Dear Marie

Dear Marie,

I am writing you after such a long time because I’ve been a total mess from the last time.

I haven’t been able to gather my pieces together ever since. Like they keep proving difficult the farther I go, is there some Rubik’s Cube joke going on here that I don’t know?

I know you are doing so well, I just don’t understand how you manage to pull off all the exceptionalities you pull off. You say I took after you, but our lives are on two extremes that I feel that statement is delusional.

I’m writing you because I need someone to talk to, someone to hit, hug, kiss and caress. Just about anything to reduce the weight of this humongous burden on my shoulders.

I don’t even know how to keep a home, I wonder what will become of the kids by the time they are grown. Will they ever be like our Prime Minister Modi? I have no idea Marie, how do I ensure they grow to become exceptional – like you.

I wish I had listened to you earlier on before I started this journey. I’ve become so lonely. No new friends, the old ones are gone. Only the scavengers remain. This wasn’t the life you promised me.

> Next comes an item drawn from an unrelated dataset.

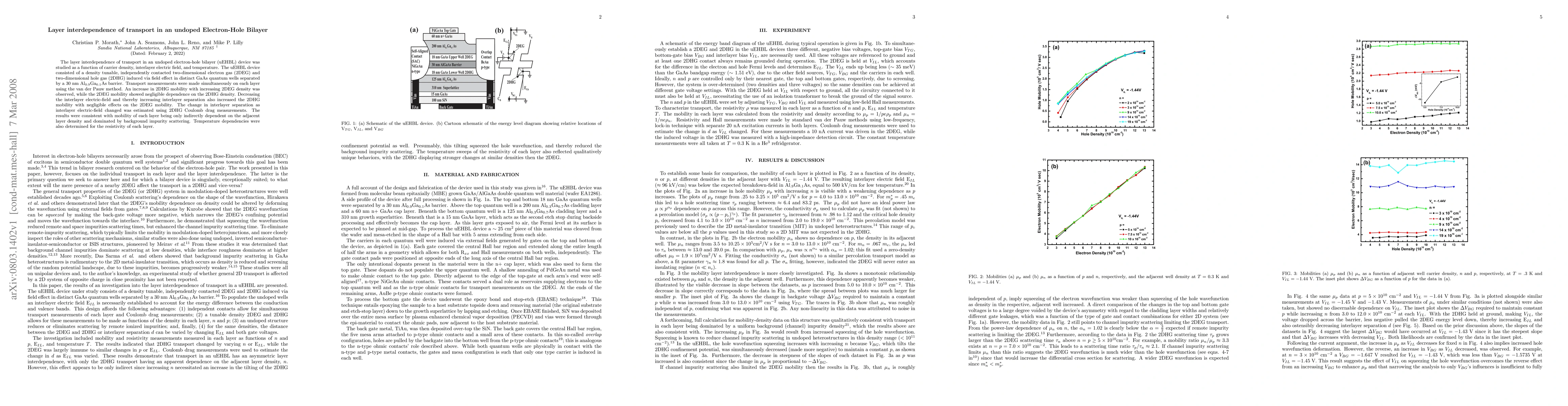 The layer interdependence of transport in an undoped electron-hole bilayer (uEHBL) device was studied as a function of carrier density, interlayer electric field, and temperature. The uEHBL device consisted of a density tunable, independently contacted two-dimensional electron gas (2DEG) and two-dimensional hole gas (2DHG) induced via field effect in distinct GaAs quantum wells separated by a 30 nm Al$_{0.9}$Ga$_{0.1}$As barrier. Transport measurements were made simultaneously on each layer using the van der Pauw method. An increase in 2DHG mobility with increasing 2DEG density was observed, while the 2DEG mobility showed negligible dependence on the 2DHG density. Decreasing the interlayer electric-field and thereby increasing interlayer separation also increased the 2DHG mobility with negligible effects on the 2DEG mobility. The change in interlayer separation as interlayer electric-field changed was estimated using 2DHG Coulomb drag measurements. The results were consistent with mobility of each layer being only indirectly dependent on the adjacent layer density and dominated by background impurity scattering. Temperature dependencies were also determined for the resistivity of each layer.

Ree, you once told me to be positive, you said the happier I was, the brighter my future. I’m in the future now, and all those years of smiling sheepishly hasn’t done me any good. What way is there?

I don’t want to be like John Pierpont, I don’t want to wait anymore. I fear my strength slowly fading away. I fear I may no longer hold on when it’s all gone.

I even realised my most prized asset – humility, is all gone. I’m too proud now Marie, I can’t even say “please” anymore. The more I remain stoic, the more I worry for the future of the kids. Will they ever have someone to call “dad”? This whole brouhaha has turned me into my worst nightmare. I am slowly becoming that person I told people to steer away from.

I may bear the thought of living out a wrecked life, but I will not be able to bear the thought of dumping the kids on the path to wretchedness. I won’t.

Marie, I am slowly dying. Help me before it’s too late. You let all this happen in the first place. Fix it, Marie, fix it.

Yours,

Tayna.

Tayna, a single mom, wrote from Calcutta.